- Problem details
Give back every line of the material exactly. Skip the pictures.

- Collected material
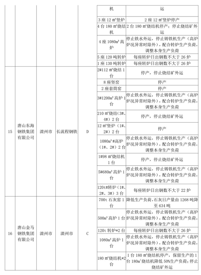 1.鋼鐵、焦化、水泥等重點企業(yè)日進車輛減少50%,京唐港和曹妃甸港(包括民企碼頭)日集輸港車輛減少50%,有供暖任務(wù)的企業(yè)最大限度減少日進出車輛。
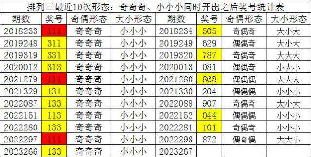 排列三最近10次同时开出奇偶形态:奇奇奇和大小形态:小小小时其奖号分别为:111-311-331-313-111-131-133-113-133-111-133,下期分别开出号码为:505-629-787-081-868-204-907-044-101-872,详细统计见下表:
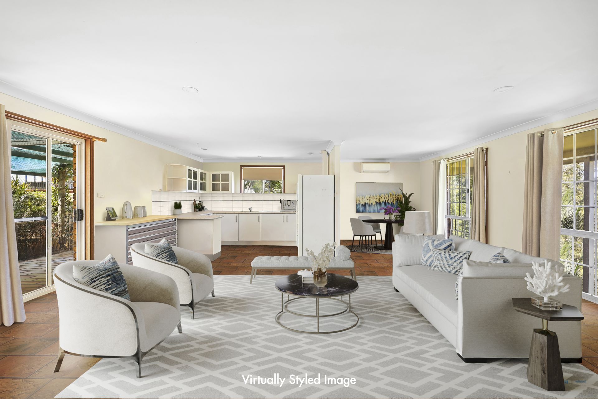 - Open plan kitchen, dining and living area
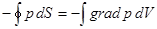 от давления, взятому по поверхности рассматриваемого объема. Преобразуя его в интеграл по объему, имеем:

- Answer box
 1.鋼鐵、焦化、水泥等重點企業(yè)日進車輛減少50%,京唐港和曹妃甸港(包括民企碼頭)日集輸港車輛減少50%,有供暖任務(wù)的企業(yè)最大限度減少日進出車輛。
 排列三最近10次同时开出奇偶形态:奇奇奇和大小形态:小小小时其奖号分别为:111-311-331-313-111-131-133-113-133-111-133,下期分别开出号码为:505-629-787-081-868-204-907-044-101-872,详细统计见下表:
 - Open plan kitchen, dining and living area
 от давления, взятому по поверхности рассматриваемого объема. Преобразуя его в интеграл по объему, имеем:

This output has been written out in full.